"brian'" - Translation from Turkish to Arabic

    • براين
        
    • بريان
        
    • لبراين
        
    • عن برايان
        
    • أوبرايان
        
    • بارين
        
    Bana bak Brian, bu dava sonuçsuz olarak bir kenara bırakılmıştı. Open Subtitles اسمع يا براين ,ولآخر مرة, هذه القضية تم اعتبارها ميئوس منها
    Ben, Brian, Kenny, Scarface... ve tabi ki sevgili ihtiyar James. Open Subtitles كنت أنا، براين, كيني , سكارفايس وبالطبع جيمس كبير السن المحبوب
    Brian, annen seni, daha iyi bir hayatın olsun diye verdi. Open Subtitles براين, امك تخلت عنك لانها اعتقدت انك ستحصل على حياه أفضل.
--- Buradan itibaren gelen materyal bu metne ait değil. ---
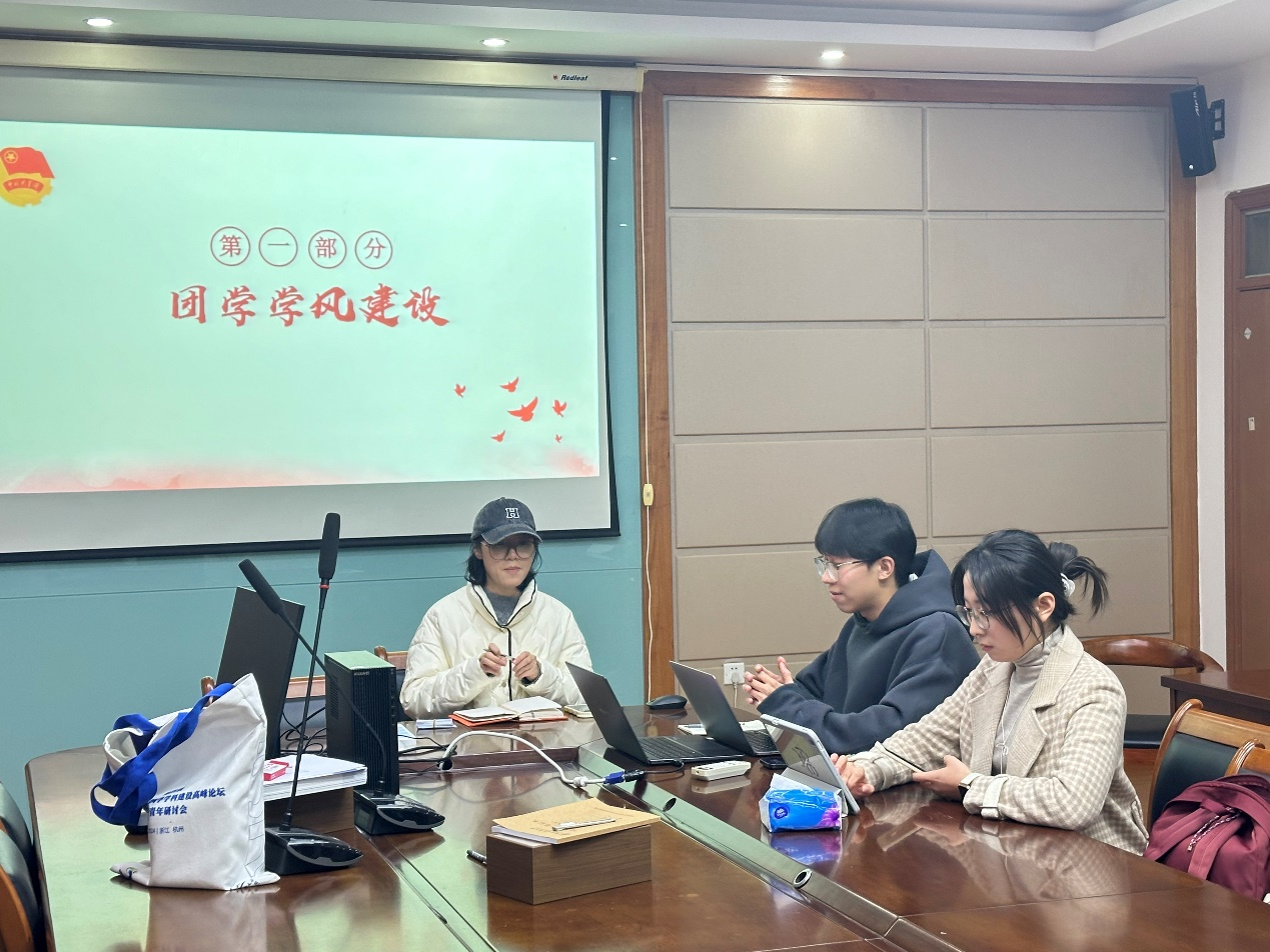 团委学生会学风建设大会暨负责人第三次例会。学院团委书记顾晗可老师,团委学生会主席团成员及团学各部门负责人参会。
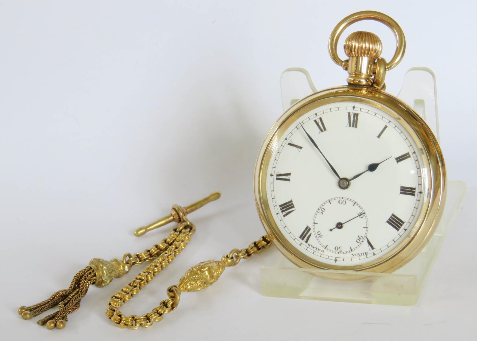 Pocket Watch: Antique Swiss Pocket Watch & Chain
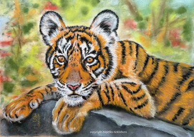 "Junger Tiger, 2025" Pastellkreide auf Pastelmat

    Onlar teslim edildiğinde de, Brian'ın mükemmel bir mazereti olacaktı. Open Subtitles في الوقت الذي يتم فيه استلامها بريان عنده عذر مقنع
    İkisi oğlunu Brian'a bırakıp birdendire ortadan kaybolmandan sonra bir bağ kurdular. Open Subtitles الاثنين تعلقوا ببعض منذ ان اودعتِ طفلك لبراين و بعد ذلك اختفيتِ
    Ailedeki herkes senden o kadar etkilendi ki, Brian'ı unuttular bile. Open Subtitles الكل في هذه العائلة سعيد بك. لقد نسوا كل شيء عن برايان.
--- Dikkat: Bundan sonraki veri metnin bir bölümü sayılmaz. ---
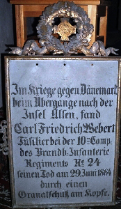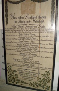 Gedenktafeln in der Kirche für die Feldzüge von 1813-15 bis 1870/71 sowie vom 1. Weltkrieg.
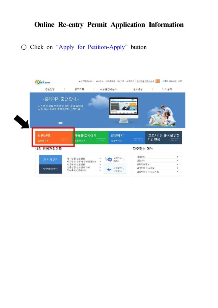 ○ If click on re-entry permit (company, coverage, academic special) is clicked: Scan and upload business orders, reason for application, business registration certificate, certificate of employment (certificate of employment) → application → payment of fees (only for eligible persons)
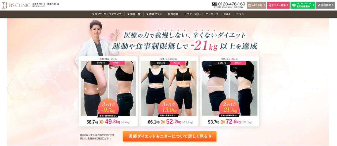 BSクリニックは、短期間で成果の出るダイエットやリバウンドしにくい身体を実現し、ダイエットで悩んでいる方に寄り添った痩身治療専門のクリニックです。医学的・科学的根拠に基づいたダイエットで美しく痩せるという価値を提供し、理想のボディメイクを実現します。
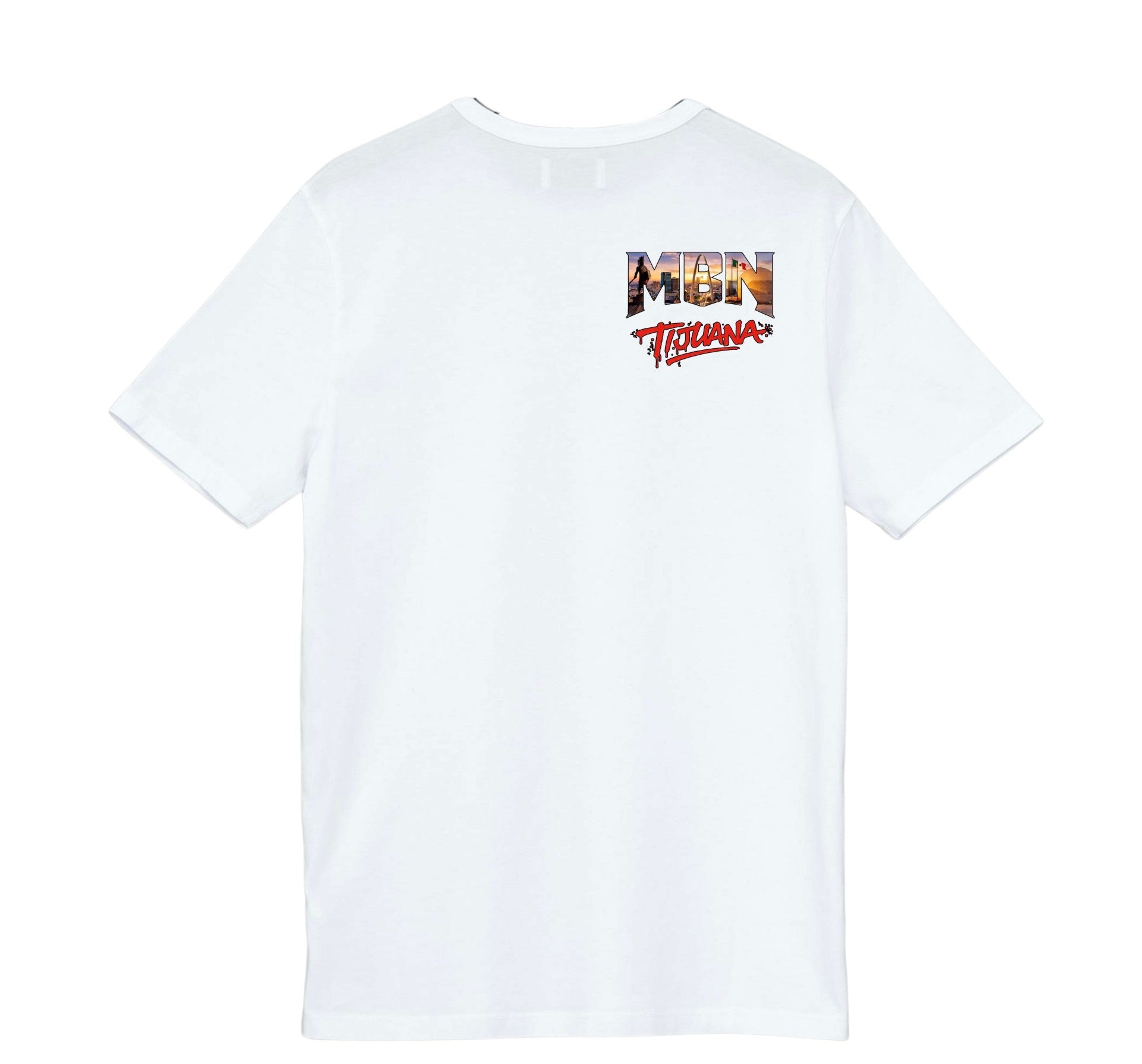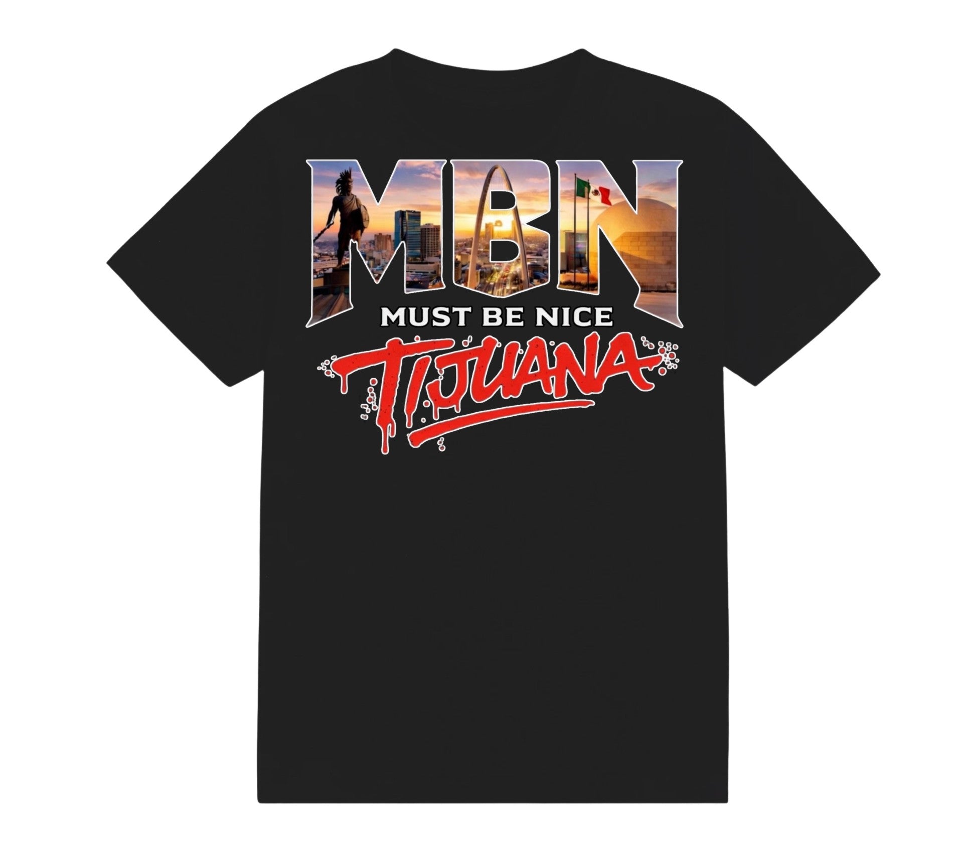 Make a statement with the MBN Must Be Nice Tijuana T-Shirt. Set on a classic black tee, this design features bold “MBN” lettering filled with vibrant skyline imagery and iconic Tijuana landmarks, finished with the signature Tijuana script in striking red graffiti-style lettering.

    Brian'ın nasıl bir işe bulaştığı hakkında hiç bir fikri yoktu. Open Subtitles براين لم يكن لديه أيّ فكرة ما كان يدخل نفسه فيه
    Keith Affleck ya da Brian Affleck ya da öyle birşey? Open Subtitles كيث افلك او براين افلك او شيء من هذا القبيل ؟
    Brian Darling, size parayı babamın uçağını sabote etmeniz için vermedi mi? Open Subtitles اذا لم يدفع لك براين دارلينق اي شي حتي تعطل طائرة أبي؟
    Senin çocukluğundan beri karabiberi bu kadar çok seven bir çocuk görmedim, Brian. Open Subtitles لم أرَ صبيّاً يبهّر طعامه بهذه القوة منذ أن كنت طفلاً يا براين
    Sadece Tripp'le günlük görüşmemizi yapacağım ve Brian'a velayet duruşması için yardım edeceğim. Open Subtitles فقط لدي مقابلة مع تريب لمده قصيرة وأساعد براين في جلسة الإستماع للحضانة
    Daha ilk günden çocuğa yalan söyledin, Brian ve bunu da bilmeyen yok. Open Subtitles لقد كنت تكذب علي هذا الفتي من اليوم الاول, براين والجميع يعرف ذلك
    Bu bir cilt rengi değil, bu bir yaşam tarzı, Brian. Open Subtitles إنه ليس فقط لون بشرة .. إنه أسلوب حياة .. براين
    Biliyormusun beni gerçekten incittin Brian. Ve bunu bir daha yapmana izin veremem. Open Subtitles أنت جرحتني حقاً , براين ولا يمكنني أن أسمح لك بفعل ذلك مجدداً
    Bir papazın tekrar kiliseye dönmesi çok sık olan bir olay değil, Brian. Open Subtitles حسنا.. ليس بشيء يحدث كل يوم أن يعود قس بشهرتك للمنبر يا براين
    Onunla çalışmaya devam et diye bunları aklına Brian Shepard sokuyor, değil mi? Open Subtitles انه براين شيبرد من يضع هذه الأفكار في رأسك لتستمر في العمل لصالحه
    Bu aslında Brian McWhorter tarafından sergileniyor o çok sıra dışı bir oyuncu. TED من يعزف هذا بالواقع هو الموسيقي بريان ماكورتر، وهو عازف غير عاديّ.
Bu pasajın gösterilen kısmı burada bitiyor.